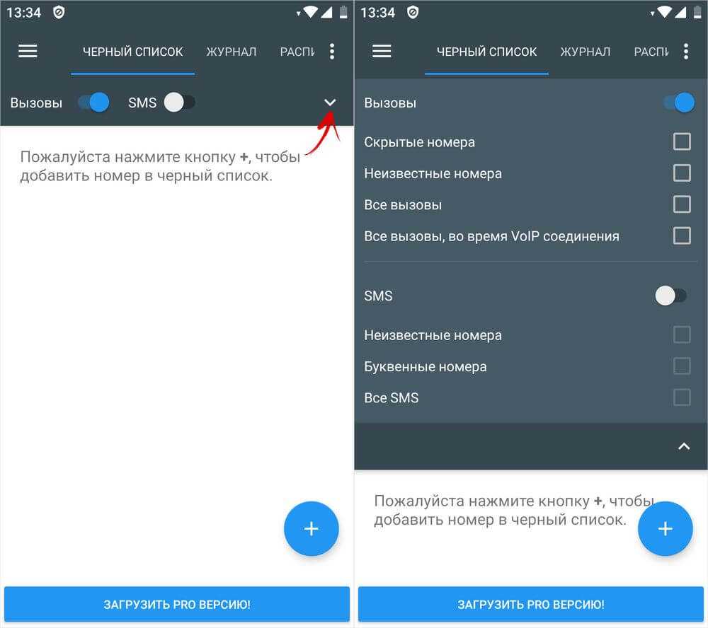 - «Черный список PRO» — улучшенная версия предыдущего приложения. Позволяет блокировать не только сообщения и звонки, но и номера, начинающиеся с определенных комбинаций цифр, например, все входящие от рекламных организаций, банков и проч. В данном случае отсутствует вход по паролю, а также уведомления о том, что абонент пытался позвонить или оставил голосовое сообщение;
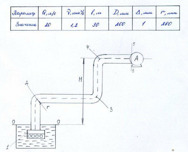 Главная » Учебные материалы » Механика жидкости и газа (МЖГ или Гидравлика) » Решения задач » ВГТУ » Несколько классов/семестров » Выполнить расчет простого трубопровода. Насос А качает жидкость из резервуара. Даны расход жидкости, вязкость жидкости, длина всасывающей трубы, эквивалентная шероховатость, радиус закругления колен трубопровода. Вычислить Н – высоту центра насоса на
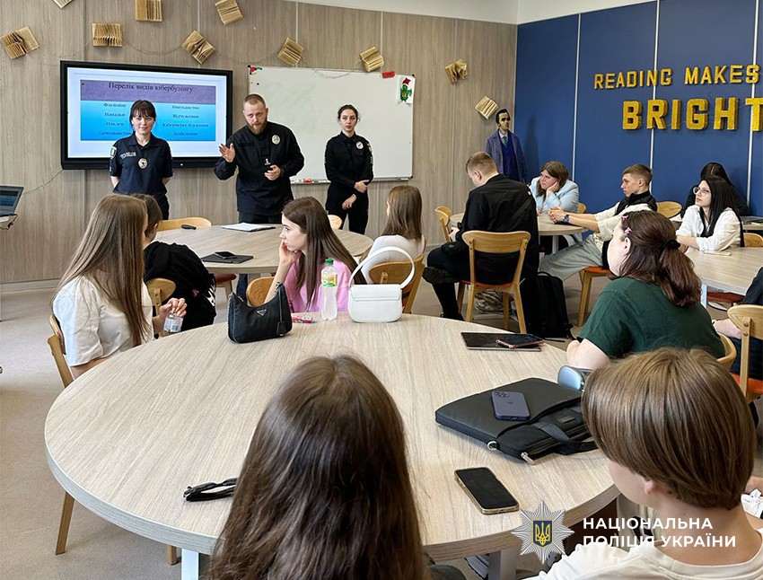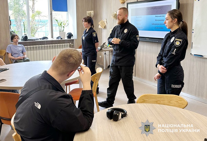 Поліцейські розповіли учням про правила безпеки в Інтернеті та як не стати жертвою кібербулінгу.
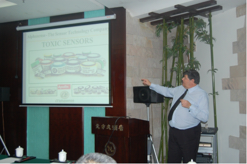 2013年4月22日新世聯科技和Alphasense在深圳舉辦“空氣質量和PM2.5顆粒物傳感器應用技術交流會”,英國Alphasense公司市場和銷售總監Arthur先生和新世聯科技公司總經理陳運動先生就工業氣體傳感器和PM2.5顆粒物傳感器作出技術應用講解。Arthur先生的技術講解分為兩個部分,上半部分主要涉及氣體傳感器包括氧氣傳感器、有毒氣體傳感器、可燃傳感器、PID傳感器、紅外線傳感器技術、規格、發展現狀及技術瓶頸等,下半部分主要講述與空氣質量尤其是PM2.5相關的傳感器的發展歷史與未來展望。
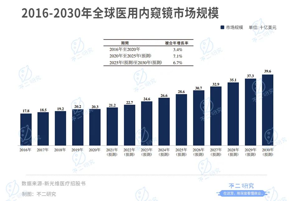 据弗若斯特沙利文数据显示,2020年全球医用内窥镜市场的市场价值为203亿美元,预计2030年将增至396亿美元,复合年增长率为6.9%。而2020年中国的医用内窥镜市场价值为231亿元,预计到2030年将增至624亿元,复合年增长率为10.5%。
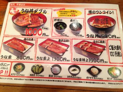 大阪発祥で現在、東京と大阪で展開するうな丼のチェーン。うな丼(うなめし)500円、うな丼ダブル1000円という価格に驚きですが、外国産(多分中国)の鰻ながらも、身が厚くて柔らかく、しかもちゃんとした小さくない鰻(少し大味ですが)。コスト削減と時間短縮のためか、一度焼きあがった鰻を、さらに炭火で焼いて提供してあるようですが、しっかりとした味付けもあってか、スーパーの中国産鰻とは比べ物にならないレベルです。ビールやおつまみ用のうざくなどもあります。もちろん、日本産や天然物を提供する老舗とは比べ物にならないわけですが、赤だしのサービス券があったりと、コスパはかなり良い、庶民の味方なお店です。

What to produce: Exact repetition of all entries is required. The pictures should not appear.

Exercise answer:
 - «Черный список PRO» — улучшенная версия предыдущего приложения. Позволяет блокировать не только сообщения и звонки, но и номера, начинающиеся с определенных комбинаций цифр, например, все входящие от рекламных организаций, банков и проч. В данном случае отсутствует вход по паролю, а также уведомления о том, что абонент пытался позвонить или оставил голосовое сообщение;
 Главная » Учебные материалы » Механика жидкости и газа (МЖГ или Гидравлика) » Решения задач » ВГТУ » Несколько классов/семестров » Выполнить расчет простого трубопровода. Насос А качает жидкость из резервуара. Даны расход жидкости, вязкость жидкости, длина всасывающей трубы, эквивалентная шероховатость, радиус закругления колен трубопровода. Вычислить Н – высоту центра насоса на
 Поліцейські розповіли учням про правила безпеки в Інтернеті та як не стати жертвою кібербулінгу.
 2013年4月22日新世聯科技和Alphasense在深圳舉辦“空氣質量和PM2.5顆粒物傳感器應用技術交流會”,英國Alphasense公司市場和銷售總監Arthur先生和新世聯科技公司總經理陳運動先生就工業氣體傳感器和PM2.5顆粒物傳感器作出技術應用講解。Arthur先生的技術講解分為兩個部分,上半部分主要涉及氣體傳感器包括氧氣傳感器、有毒氣體傳感器、可燃傳感器、PID傳感器、紅外線傳感器技術、規格、發展現狀及技術瓶頸等,下半部分主要講述與空氣質量尤其是PM2.5相關的傳感器的發展歷史與未來展望。
 据弗若斯特沙利文数据显示,2020年全球医用内窥镜市场的市场价值为203亿美元,预计2030年将增至396亿美元,复合年增长率为6.9%。而2020年中国的医用内窥镜市场价值为231亿元,预计到2030年将增至624亿元,复合年增长率为10.5%。
 大阪発祥で現在、東京と大阪で展開するうな丼のチェーン。うな丼(うなめし)500円、うな丼ダブル1000円という価格に驚きですが、外国産(多分中国)の鰻ながらも、身が厚くて柔らかく、しかもちゃんとした小さくない鰻(少し大味ですが)。コスト削減と時間短縮のためか、一度焼きあがった鰻を、さらに炭火で焼いて提供してあるようですが、しっかりとした味付けもあってか、スーパーの中国産鰻とは比べ物にならないレベルです。ビールやおつまみ用のうざくなどもあります。もちろん、日本産や天然物を提供する老舗とは比べ物にならないわけですが、赤だしのサービス券があったりと、コスパはかなり良い、庶民の味方なお店です。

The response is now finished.